New insights into aging-associated characteristics of female subcutaneous adipose tissue through integrative analysis of multi-omics data

Abstract

Aging could be critical in limiting the application of subcutaneous adipose tissue (SAT) in tissue repair and reconstruction. However, no systematic study on the characteristics of SAT aging has been conducted. In this study, a scanning electronic microscope was used to detect the structural and compositional changes of SAT collected from nine females in three age groups. Multi-omics data of SAT from 37 females were obtained from Gene Expression Omnibus database, and 1860 genes, 56 miRNAs, and 332 methylated genes were identified as being differentially expressed during aging among non-obese females. Using Weighted Correlation Network Analysis (WGCNA), 1754 DEGs were defined as aging-associated genes for non-obese females, distributed among ten co-expression modules. Through Gene Ontology enrichment analysis and Gene Set enrichment analysis on those aging-associated DEGs, SAT aging was observed to be characterized by variations in immune and inflammatory states, mitochondria, lipid and carbohydrate metabolism, and regulation of vascular development. SUPV3L1, OGT, and ARPC1B were identified as conserved and core SAT-aging-related genes, as verified by RT-qPCR among 18 samples in different age groups. Multi-omics regulatory networks of core aging-associated biological processes of SAT were also constructed. Based on WGCNA, we performed differential co-expression analysis to unveil the differences in aging-related co-expression patterns between obese and non-obese females and determined that obesity could be an important accelerating factor in aging processes. Our work provides a landscape of SAT aging, which could be helpful for further research in fields such as repair and reconstruction as well as aging.
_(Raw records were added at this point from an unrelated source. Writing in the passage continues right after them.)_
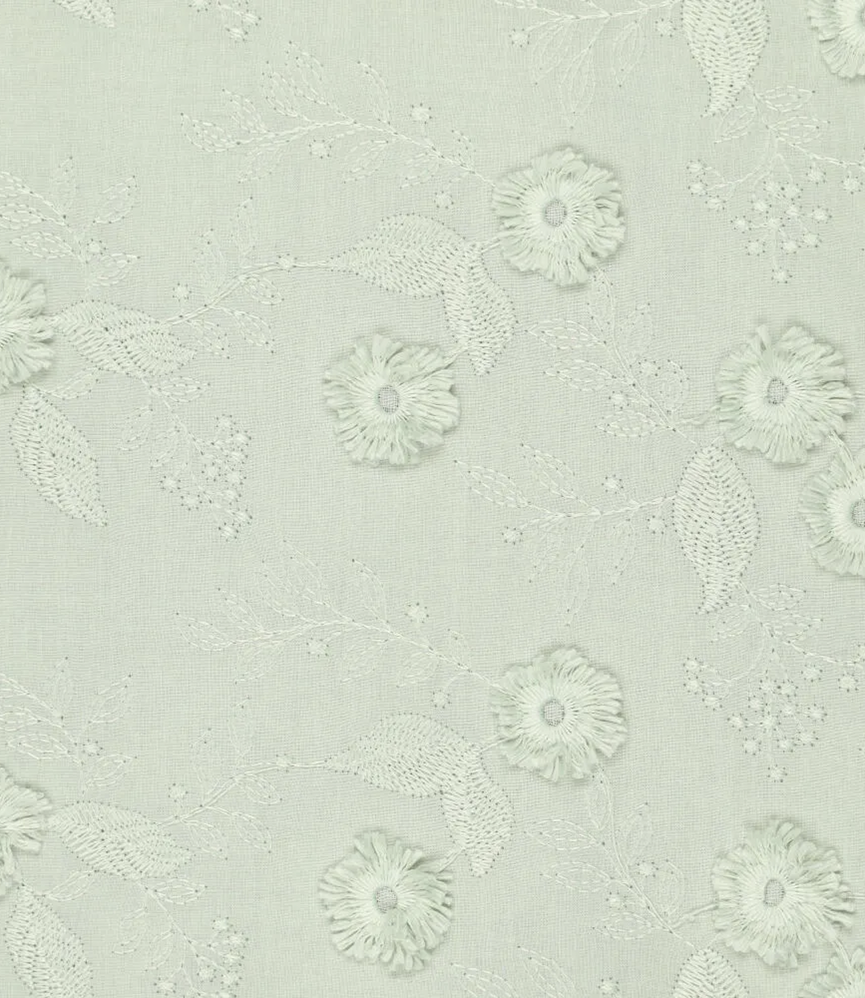 Embossed flower - cotton embroidery - mint green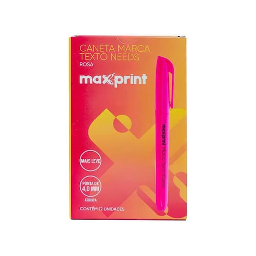 Caixa com 12 Canetas Marca Texto Lumis Rosa - Maxprint A Caneta Marca Texto Lumis da Maxprint é ideal para destacar e ressaltar textos em papel com cores fluorescentes de alta intensidade e excelente resistência à luz. Perfeita para estudos, escritório ou uso pessoal, garante maior visibilidade e organização dos seus materiais. Características Principais: Ponta chanfrada de 4,0 mm, permite traços grossos para destacar ou finos para sublinhar Cores fluorescentes vibrantes, proporcionando destaque eficiente Ponta macia e precisa, para um traço uniforme e sem esforço Tinta à base de água, segura e atóxica Composição: Corpo em resinas termoplásticas Tinta à base de glicol, corante e água Segurança e Certificação: Produto atóxico Quantidade: 12 Unidades Certificação INMETRO - Registro 006 215/2017 Não recomendado para crianças menores de 3 anos Informações Adicionais: Marca: Maxprint Modelo: Lumis Tipo de ponta: Chanfrada de poliéster Cor da tinta: Rosa Expressura do traço: 4,0 mm Código do produto: 1084052 Código de barras: 7897975002053 A Caneta Marca Texto Lumis Rosa é uma excelente escolha para estudantes, profissionais e qualquer pessoa que queira destacar informações importantes com facilidade, elegância e cores intensas. Marca: Não Informado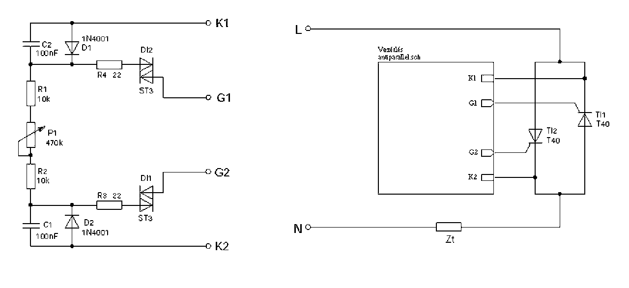 Egy triak nem abból áll, hogy ellenpárhuzamosan van kötve két tirisztor. Ez annál komplikáltabb, egy integrált áramkör szintű dolog. A kéttirisztoros kapcsolás a mellékletben.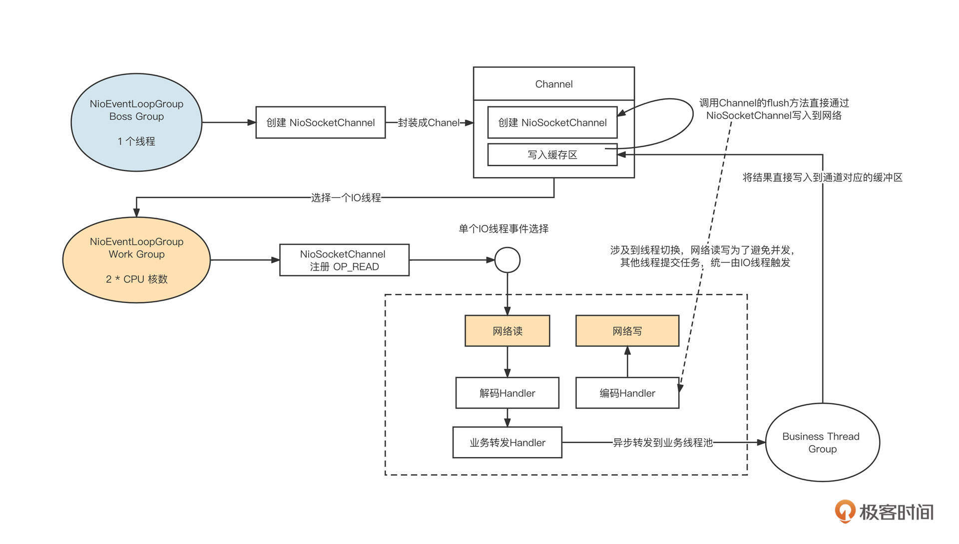 业务线程在处理完业务逻辑后,通过调用通道将数据发送到目标端。但它并不能当下直接发送,而是要将数据放入到Channel中的写缓存区,并向IO线程提交一个写入任务。这里涉及到线程切换,因为所有的读写操作都需要在IO线程中执行(即一个通道的IO操作都是同一个线程触发的),避免了多线程编程的复杂性。

Keywords: Subcutaneous adipose tissue; aging; multi-omics profiling; obesity; tissue repair and reconstruction.

Figure 1.

Morphology and quantification of adipocytes and collagen of SAT during aging. (a) SEM images of SAT in different age groups. Scale bar = 100 μm or 50 μm. (b) Numbers of the mature adipocytes, percentage of small adipocytes and diameter of mature adipocytes in different age groups in the same-sized fields.

Figure 2.

Differentially expressed mRNAs, miRNAs, and methylated genes in aging processes for obese and non-obese females.

Figure 3.

The co-expression patterns of genes and visualization of core GOBP pathways of SAT in aging process. (a) Visualization of tree diagram and co-expression patterns of genes based on the adjacency-based dissimilarity of the hierarchical clustering genes. (b) 10 aging-related gene co-expression modules with different enrichment status in each group. Enrichment Score indicated the ratio of DEGs in the specific module to all genes involved in the WGCNA network. (c) GOBP enrichment analysis for selected DEGs. (d) Gene set enrichment analysis of genes based on age groups. Normalized enrichment score (NES) was presented in chart. P Value < 0.05 was considered significant.

Figure 4.

The regulatory networks between DEGs and DEMs and RT-qPCR. (a) The regulatory networks of DEGs-DEMs involved in 7 core functional subnetwork in SAT agingbased on WGCNA. (b,c) Heatmaps of DEGs and DEMs involved in the 7 regulatory networks. DEGs and DEMs were distributed in different co-expression modules with different colors. (d) Quantitative analysis of the RT-qPCR assays for SAT.

Figure 5.

DiffCoEx analysis based on aging related genes of SAT between obese and non-obese female. (a) The comparative correlation heatmap showed the differentially co-expressed modules of SAT between obese and non-obese female based on aging related genes. The upper diagonal of the main matrix showed a correlation between pairs of genes among the non-obese female. The lower diagonal showed a correlation between the same gene pairs among the obese female. Color bars represented the differentially co-expressed modules. (b) 7 DiffCoEx modules with different enrichment status of SAT in each group. Enrichment Score indicated the ratio of DEGs in a specific module to all genes involved in the DiffCoEx network. (c) Differential co-expression network of SAT between obese and non-obese female. Colors represented the DiffCoEx modules. Red lines showed stronger correlation in obese female but blue lines in non-obese female. The thickness represented the correlation strength. (d) Bubble plots foraging related GOBP enrichment pathways. (e) The regulatory networks of DEGs-DEMs involved in the aging associated biological processes based on DiffCoEx analysis of aging process between obese and non-obese female. ‘*’ represented the potentially core molecules in the regulatory networks of obese female according to DiffCoEx analysis. P Value < 0.05 was considered significant.